Case v. City of Detroit

129 Mich. 298 | Mich. | 1902

Hooker, C. J.

The plaintiff was owner of premises in Detroit, upon which there were buildings. The board of assessors placed them upon the assessment roll for the year 1898 at a valuation of $92,900. It is admitted that, of this, $50,000 was the value of the buildings, and $42,900 that of the land. The roll was approved by the board of review, and subsequently, on June 9, 1898, the buildings were destroyed by fire. On July 12th, the plaintiff petitioned the common council to remit a portion of the taxes, corresponding to the amount assessed upon the buildings, and it adopted a resolution to remit and pay back the sum of $814.82 of said taxes.

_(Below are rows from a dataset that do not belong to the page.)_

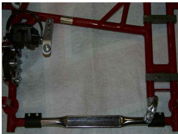
Photo from above of the frame with the section of the two supports for the exhaust system
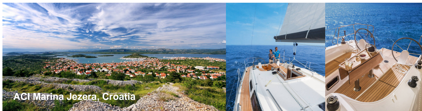
ACI Marina Jezera, Croatia
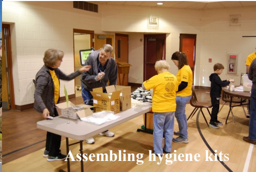
Assembling hygiene kits
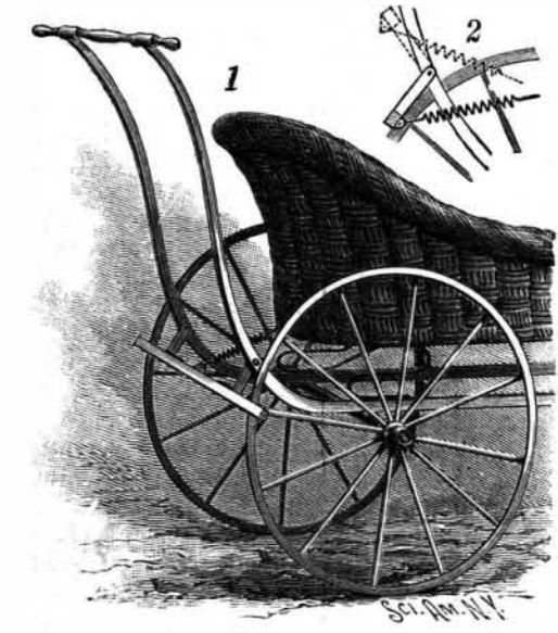
BOËS' BRAKE FOR CHILDREN'S CARRIAGES.

This is a simple form of brake, applicable to any style of carriage that is pushed along by means of the handle bar at the rear. The improvement has been patented by Mr. Frederick O. Boës, of No. 1591 First Avenue, New York City. It consists of a bar adapted for engagement with the tires of the rear wheels, the bar being roughened or covered with leather or other suitable material at the places of contact, and being attached to the handle bars by short pivoted links. This pivotal connection is such that when the brake bar is in its lower position it rests

This occurred on August 23, 1898. The mayor declined to approve the resolution. Again, in 1900, asimilar resolution passed the council, and the mayor again declined to approve it. The money having been paid to the treasurer, the plaintiff brought this action to recover the sum of $784.40, city taxes assessed *299upon the buildings. He claims it to be for taxes assessed for the fiscal year 1898, which, he says, began July 1, 1898, some time after the destruction of the buildings. The circuit court rendered a judgment for the plaintiff» and the defendant has brought error.

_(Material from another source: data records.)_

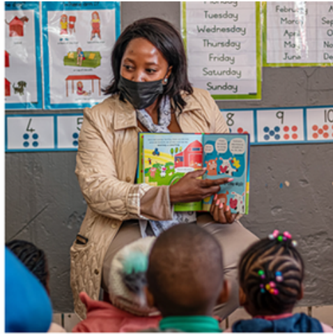
Motivate and equip teachers

Our curriculum works: teachers trust it, DSD has approved it, and children love it!
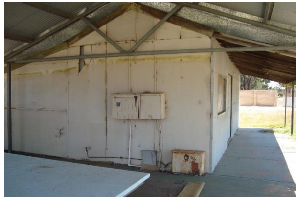
Tennis Court Club Rooms
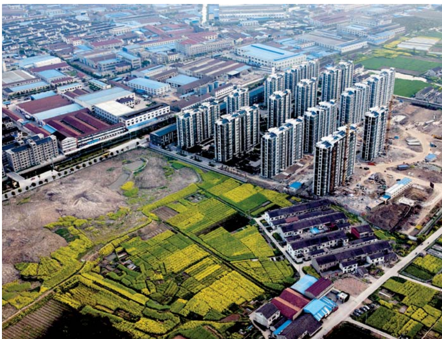
Development in the city of Jiangyin, which lies close to the Yangtze River near China's east coast.

These lands were lawfully assessed, and the taxes were spread in conformity to law, before the fire. It was perhaps within the power of the council to remit a portion of these taxes if they deemed it unjust to require payment, but they failed to do this. We know of no authority which sustains the plaintiff’s contention that one owning property destroyed, or parted with in any other way, after the taxes are spread, is to have a rebate of a portion of his taxes. None is cited by counsel, and we think that the introduction of such a rule would lead to much confusion. It is admitted that the property burned was insured, and it is shown that $45,000, if not more, was paid by the insurance companies to persons holding mortgages given by or for which the plaintiff was responsible. It was upon this ground that the mayor vetoed the resolutions, but this fact is not important.

The judgment is reversed, and, under the admitted facts, a new trial is denied. Judgment will be entered here in favor of the defendant for costs of both courts.

Moore, Grant, and Montgomery, JJ., concurred. Long, J., did not sit.